Start of Supplied material

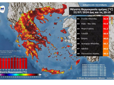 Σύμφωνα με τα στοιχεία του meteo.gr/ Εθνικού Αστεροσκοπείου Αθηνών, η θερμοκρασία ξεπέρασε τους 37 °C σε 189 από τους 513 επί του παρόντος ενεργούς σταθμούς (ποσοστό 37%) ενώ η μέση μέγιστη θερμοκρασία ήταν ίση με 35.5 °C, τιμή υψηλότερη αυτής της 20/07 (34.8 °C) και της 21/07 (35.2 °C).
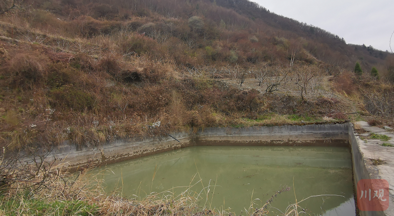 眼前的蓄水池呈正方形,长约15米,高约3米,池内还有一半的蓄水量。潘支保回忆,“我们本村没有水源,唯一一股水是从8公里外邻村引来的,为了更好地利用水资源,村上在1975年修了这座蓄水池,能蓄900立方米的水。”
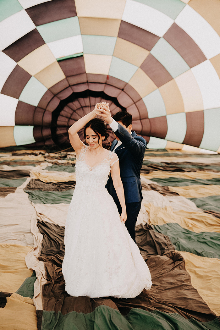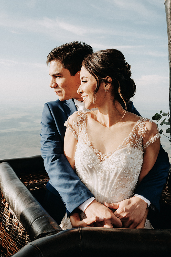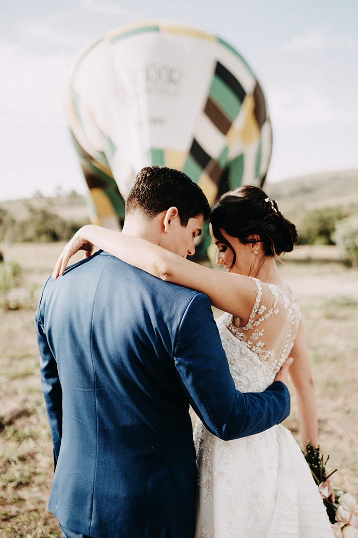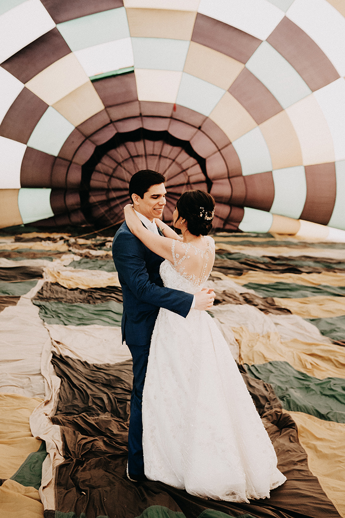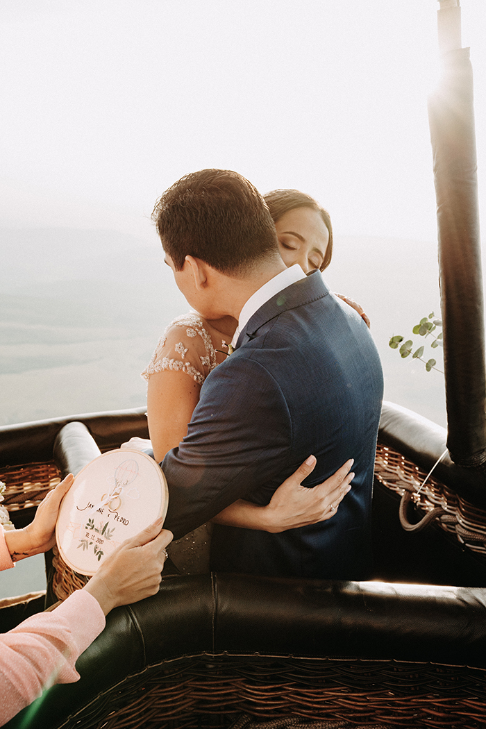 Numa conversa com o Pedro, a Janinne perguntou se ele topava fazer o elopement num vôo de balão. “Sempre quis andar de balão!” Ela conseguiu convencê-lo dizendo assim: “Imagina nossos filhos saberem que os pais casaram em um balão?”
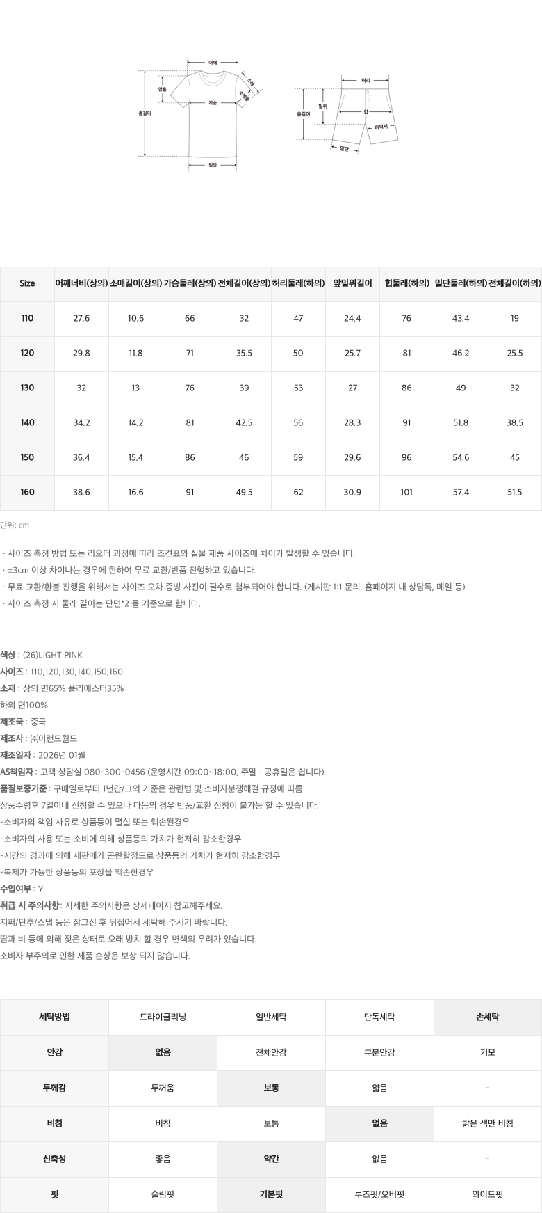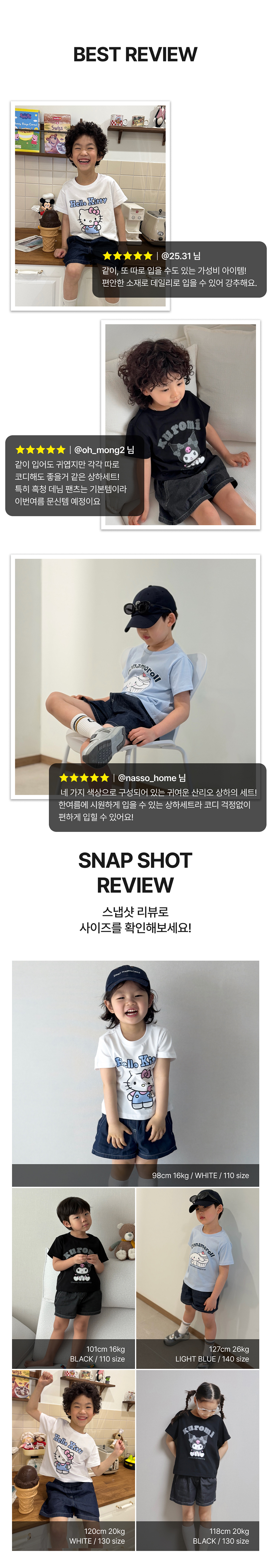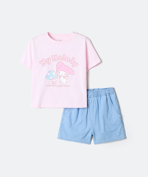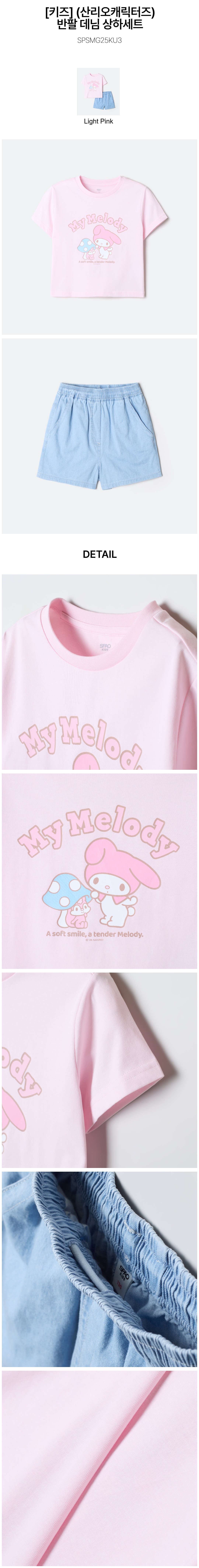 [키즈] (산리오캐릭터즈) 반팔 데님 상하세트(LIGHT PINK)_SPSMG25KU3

End of Supplied material

About this exercise
Return the listing above in full and exactly, omitting all pictures.

Solution for this problem
 Σύμφωνα με τα στοιχεία του meteo.gr/ Εθνικού Αστεροσκοπείου Αθηνών, η θερμοκρασία ξεπέρασε τους 37 °C σε 189 από τους 513 επί του παρόντος ενεργούς σταθμούς (ποσοστό 37%) ενώ η μέση μέγιστη θερμοκρασία ήταν ίση με 35.5 °C, τιμή υψηλότερη αυτής της 20/07 (34.8 °C) και της 21/07 (35.2 °C).
 眼前的蓄水池呈正方形,长约15米,高约3米,池内还有一半的蓄水量。潘支保回忆,“我们本村没有水源,唯一一股水是从8公里外邻村引来的,为了更好地利用水资源,村上在1975年修了这座蓄水池,能蓄900立方米的水。”
 Numa conversa com o Pedro, a Janinne perguntou se ele topava fazer o elopement num vôo de balão. “Sempre quis andar de balão!” Ela conseguiu convencê-lo dizendo assim: “Imagina nossos filhos saberem que os pais casaram em um balão?”
 [키즈] (산리오캐릭터즈) 반팔 데님 상하세트(LIGHT PINK)_SPSMG25KU3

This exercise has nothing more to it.